[What to produce]: Please restate each line of the data that follows word for word, skipping any image.

[Provided material]:
-*-
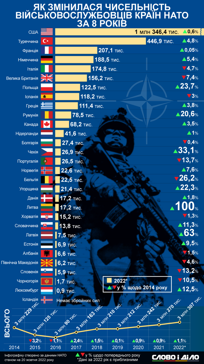 С 2014 года, когда Россия начала вооруженную агрессию против Украины, общая численность военнослужащих в странах НАТО почти не изменилась – около 3,3 млн, – но в 18 странах Альянса она выросла. Инфографику об этом разместило 20 октября издание "Слово и дело". Наибольший рост зафиксирован в Литве (на 100%) и Латвии (на 63%), а самую большую армию имеют США (1,35 млн военнослужащих). В то же время за восемь лет численность вооруженных сил уменьшилась в 11 странах – членах НАТО.
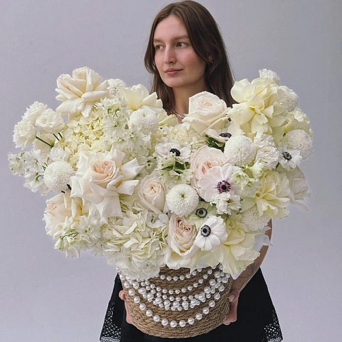 Композиция в кашпо c жемчугом, гортензиями и анемонами "WHITE GRACE"
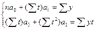 Максимальная разность отклонения имеет место м/у дисперсиями 4 и3 разностных рядов, отсюда следует что степень полинома будет равна 4-3=1 и выравнивание ряда будем проводить по прямой y=a0
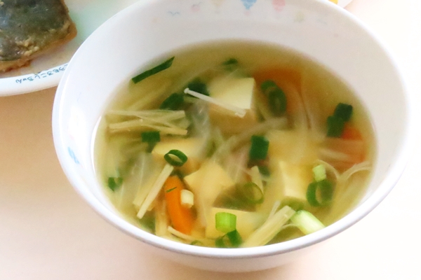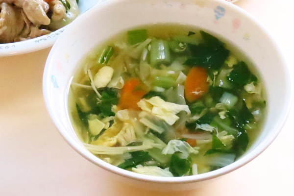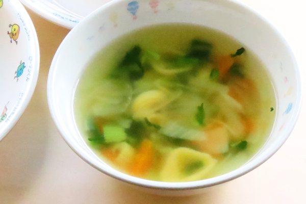マカロニスープには色々なかたちをしたマカロニは入っています。子どもたちはお互いにマカロニを見せ合いながら楽しんで食べてくれました♪スープでふやけたマカロニは大満足の大きさになっていました!
-*-
[Response to the task]:
 С 2014 года, когда Россия начала вооруженную агрессию против Украины, общая численность военнослужащих в странах НАТО почти не изменилась – около 3,3 млн, – но в 18 странах Альянса она выросла. Инфографику об этом разместило 20 октября издание "Слово и дело". Наибольший рост зафиксирован в Литве (на 100%) и Латвии (на 63%), а самую большую армию имеют США (1,35 млн военнослужащих). В то же время за восемь лет численность вооруженных сил уменьшилась в 11 странах – членах НАТО.
 Композиция в кашпо c жемчугом, гортензиями и анемонами "WHITE GRACE"
 Максимальная разность отклонения имеет место м/у дисперсиями 4 и3 разностных рядов, отсюда следует что степень полинома будет равна 4-3=1 и выравнивание ряда будем проводить по прямой y=a0
マカロニスープには色々なかたちをしたマカロニは入っています。子どもたちはお互いにマカロニを見せ合いながら楽しんで食べてくれました♪スープでふやけたマカロニは大満足の大きさになっていました!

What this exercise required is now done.